Прост по-прежнему стоял неподвижно с распятием в руках, но его неподвижность только распаляла паству. Присутствие Святого Духа ощущалось как нечто само собой разумеющееся. Он был в каждом углу храма, мне даже казалось, что я вижу его – облачко тумана, дымок от костра. По церкви распространился явственный запах свежеиспеченного хлеба. Запах Прощения.
Плач перешел в крик, в котором уже не различить отдельных слов, он нарастал, как огонь в печи, куда подбросили сухой хворост. Рядом со мной пожилой дядька начал кряхтеть и тужиться, как в отхожем месте. А может, это были роды: он пытался родить что-то, вернее, не родить, а удержать нерожденным, но это что-то было чересчур велико для него, оно стремилось наружу и грозило взорвать его изнутри.

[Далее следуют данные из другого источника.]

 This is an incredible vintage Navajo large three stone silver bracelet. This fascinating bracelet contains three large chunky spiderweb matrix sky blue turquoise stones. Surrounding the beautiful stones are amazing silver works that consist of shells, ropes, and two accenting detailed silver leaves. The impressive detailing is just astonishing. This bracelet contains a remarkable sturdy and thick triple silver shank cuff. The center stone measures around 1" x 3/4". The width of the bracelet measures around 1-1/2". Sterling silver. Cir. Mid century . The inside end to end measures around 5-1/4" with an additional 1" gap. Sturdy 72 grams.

Я держался за спинку так крепко, что побелели суставы. Михельссон и Браге почему-то не сводили с меня глаз. Они не шевелились, были неподвижны, как камни в штормящем море. Я попытался посмотреть им в глаза, но не смог себя заставить, горло перехватил ком паники. Внезапно заболела голова, тяжелые, пульсирующие удары, словно кто-то колотил меня по темени кулаком, поленом, пивной кружкой – всем, что попалось под руку. Бум, бум… как непрекращающиеся удары грома в грозу… гр-р-р-р-бум, бум…
36
Я спрятался в кустах. Час, другой. Если кто-то проходит, ложусь и вжимаюсь в землю, пока шаги не стихнут. Комары как с цепи сорвались. Мало того: я устроился поперек муравьиной тропы, и эти крошечные солдатики ползут по лодыжкам, да еще и кусаются, возмущенные неожиданно возникшим на протоптанном маршруте препятствием.
Но скоро я ее увижу. Почему она не идет? Ей пора на скотный двор, она в это время всегда там. Наверное, что-то случилось. Я близок к тому, чтобы покинуть мой наблюдательный пункт, встаю… Но вдруг она все же появится? Я держу ее за талию, мы танцуем кадриль. При каждом прикосновении по коже рук бегут мурашки наслаждения. Ткань ее сарафана, ее запястье, тонкие, изящные пальцы.